Chappelle caught heat several years ago, following the release of his stand-up specials on Netflix. Many viewers described some of the jokes as “dated” and transphobic; however, the comedian insists that wasn’t the case.

“There was a thing going on in the press where everyone was saying that the specials were dated, because there were jokes in there that they considered transphobic,” Chappelle said. “I still don’t think those jokes are transphobic, I’m not gonna have that discussion but if I ever have to, boy I’m ready.”

The topic was brought up after Rogan claimed Eddie Murphy was embarrassed by some of the material in his stand-up comedy film Raw (1987). Chappelle defended Murphy by stating he was simply responding to the times; and although the jokes don’t work now, they worked in the 1980s.

“I don’t get mad at a photograph because it wasn’t taken today,” Chappelle said. “In other words, whatever was going on in ’87, when he laid that set down, it was working … That’s where people were at, and a good comedian is an indicator of the time … I wouldn’t look any of [Eddie’s] old material as embarrassing. Sometimes I’m startled: ‘You could never do that now’ … I’m a comedian. I don’t smell any malice, I don’t think he was trying to hurt anybody.”

In summer 2020, Chappelle made headlines for a series of socially distanced block parties he hosted in Yellow Springs, Ohio. Rogan applauded Chappelle for pulling it off, as many venues were shut down due to lockdown restrictions. Chappelle briefly explained how he and his team made sure every safety measure was taken—including getting the entertainers and audience members tested for COVID-19. He then turned the conversation to former President Trump and his flawed response to the pandemic.

“Remember when Trump said something like, ‘Just stop testing everybody?’ I’m telling you from experience, that’s a terrible, terrible idea,” Chappelle said. “I can’t believe that motherfucker was in charge at a time like that, because that was a wild thing to say.
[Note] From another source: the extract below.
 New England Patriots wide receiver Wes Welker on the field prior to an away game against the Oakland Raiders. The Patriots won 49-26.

Yo, my man, let’s think this through.”

Chappelle then touched on the deadly Jan. 6 riots at the U.S. Capitol, which occurred not too far from where he was born and raised.

“It felt like they were fuckin’ my city up ... they were trashing my town ...” he said. “The president (Trump) was the catalyst for it, whether you wanna say he was legally responsible for it or not … He said, ‘You gotta take our country back.’”
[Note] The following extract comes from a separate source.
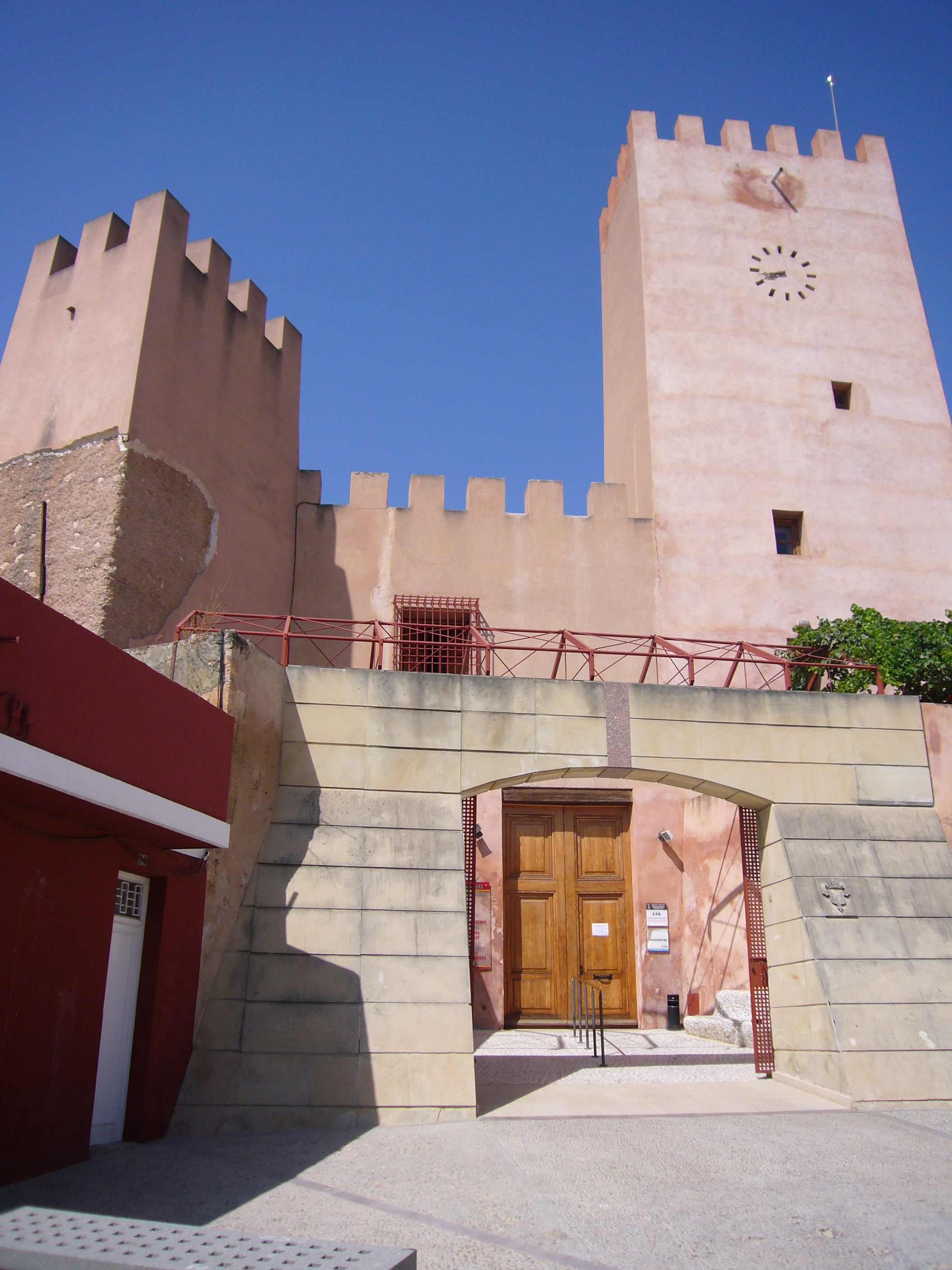 Main wall Bétera Castle in 2008. Bétera (Valencia province).

Rogan then recalled Chappelle’s comments following Trump’s presidential win, when the comedian urged the public to give Trump a chance.

“You know why I said that? Because he was duly elected,” Chappelle explained. “I didn’t storm the Capitol and rub my shit on the walls the next day. Fucking stupid.”
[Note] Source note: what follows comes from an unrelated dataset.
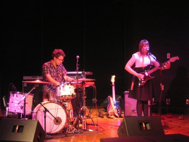 Wye Oak performing in 2008

Chappelle and Rogan then spoke about their relationships with other comedians, describing their social circle as a “tribe.” Chappelle then mentioned Marlon Wayans, whom he described as “one of my favorite people.” 

“He’s a wildly consistent dude in my life,” he said. “I used to hangout in Hollywood and sometimes I drink too much, but I knew where he lived … and I’d just knock on his door, and he’d open it. He got some room in his basmement and would just throw some blankets in it, and then I’d sleep, ’cause I trusted him. He’s just a fucking cool dude. … I brought him up because he came to my Shack, that’s where I do my shows … we all just hangout there. … But Marlon was so incensed that I didn’t have ice that he bought me an ice machine. It was the weirdest gift … He just sent it in the mail. Who does that?”